Manufacturing companies are familiar with the concept of Lean Management, but what about analytics for manufacturing? Consultants have long believed that one way to improve efficiencies is for a manufacturer to have a lean supply chain. However Toyota’s 2010 “Sticky Gas Pedal” recalls led many analysts to conclude that the 19 deaths and nearly 300 accidents could be potential side-effect of such practices. Product gurus came forward to say there was “too much cost-cutting”; while other pundits implicated rapid growth which was the result of “too much ambition”. Even company top management admitted having stretched more than [they] should. But nobody could actually quantify “too much”, i.e., how much is too much?
When you are running a global conglomerate which manufactures dozens of highly complex engineered products, and sells them profitably in as many countries, how can you know if you are overstretching? This may seem to require an almost mystical level of “self-awareness” on a company’s behalf. Would it be even possible to measure something like this?
A product’s profitability hinges on two things: how much it costs to produce and how much premium it can fetch because of its appeal. One can argue that a successful car company had solved the latter problem with their reputation for quality and reliability. It may seem natural then to go after reducing costs. A standard tactic in the industry to reduce costs is by sharing parts across many car models and sourcing as many parts as you can locally. In other words, improving supply chain efficiency.
The argument from analysts was that by commonizing too rapidly, car companies’ end up amplifying the effect of a problem. The sticky gas pedal problem for example, affected as many as 8 models. The basic question now becomes the following: is manufacturing efficiency increased or decreased by pursuing commonality?

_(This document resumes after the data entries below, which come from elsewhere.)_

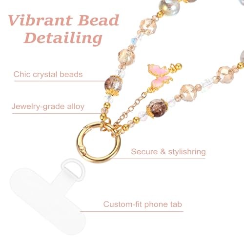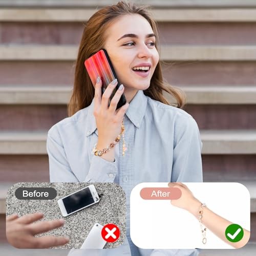 Beaded Charms Strap, Pink Crystal Bracelet Wrist With Anti-Theft Detachable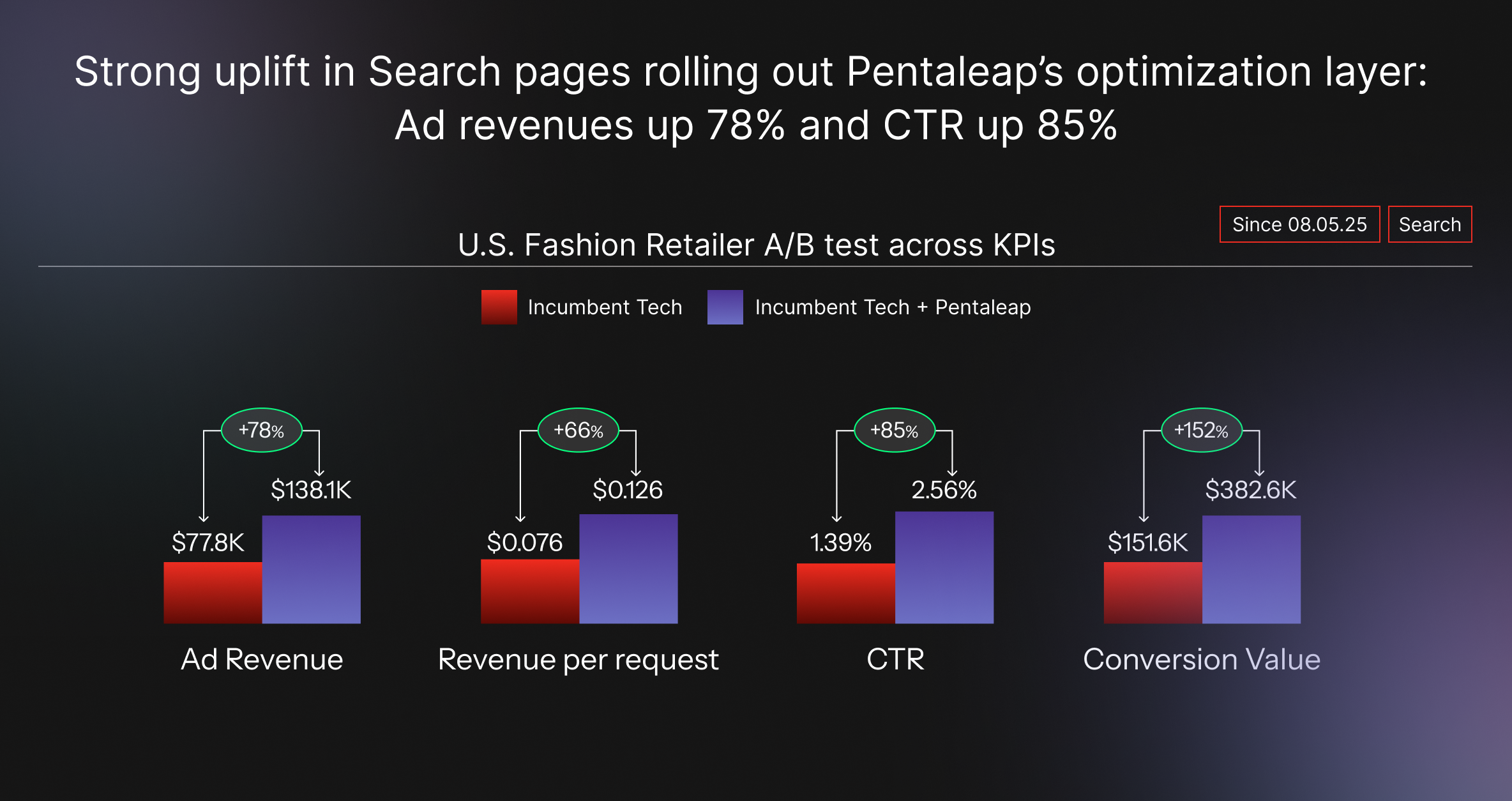 Pentaleap was tested on an additional publisher’s search pages to confirm results held across inventory. Once the test was declared a win [results below], the retailer moved to phase two of the rollout.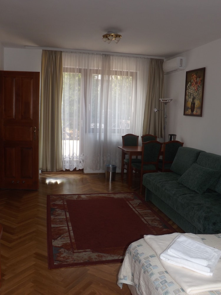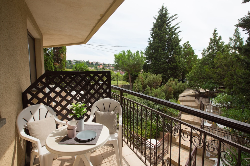 Would definitely stay here again. Very quiet and pleasant area with gated parking. One bus will take you to the center of Budapest.

Single mindedly pursuing one narrow objective without regard to the larger picture can lead to such disastrous consequences. The same is true with analytics for manufacturing.
The good news is that with today’s sophisticated analytics tools and processes, acquiring the big picture is very easy. Companies are sitting on what some call the “most compelling asset“: the data that resides in their supply chain information systems. Currently most companies use this asset to monitor only a handful of metrics or Key Performance Indicators (KPIs). But simply obtaining a KPI is not all that this data is good for. To completely leverage this asset, manufacturing companies must develop models and processes that can simulate different scenarios, by integrating data from several different functions. By building and testing such holitic models, manufacturers can be better prepared for dynamic market conditions.
Today all of this is possible for even the smallest of manufacturers. High performance computing cheaply available on the cloud, combined with highly capable open source analytics software makes further delay in implementing analytics a crying shame. Especially in an industry that is in desperate need of rejuvenation – analytics for manufacturing is no longer a nice-to-have capability.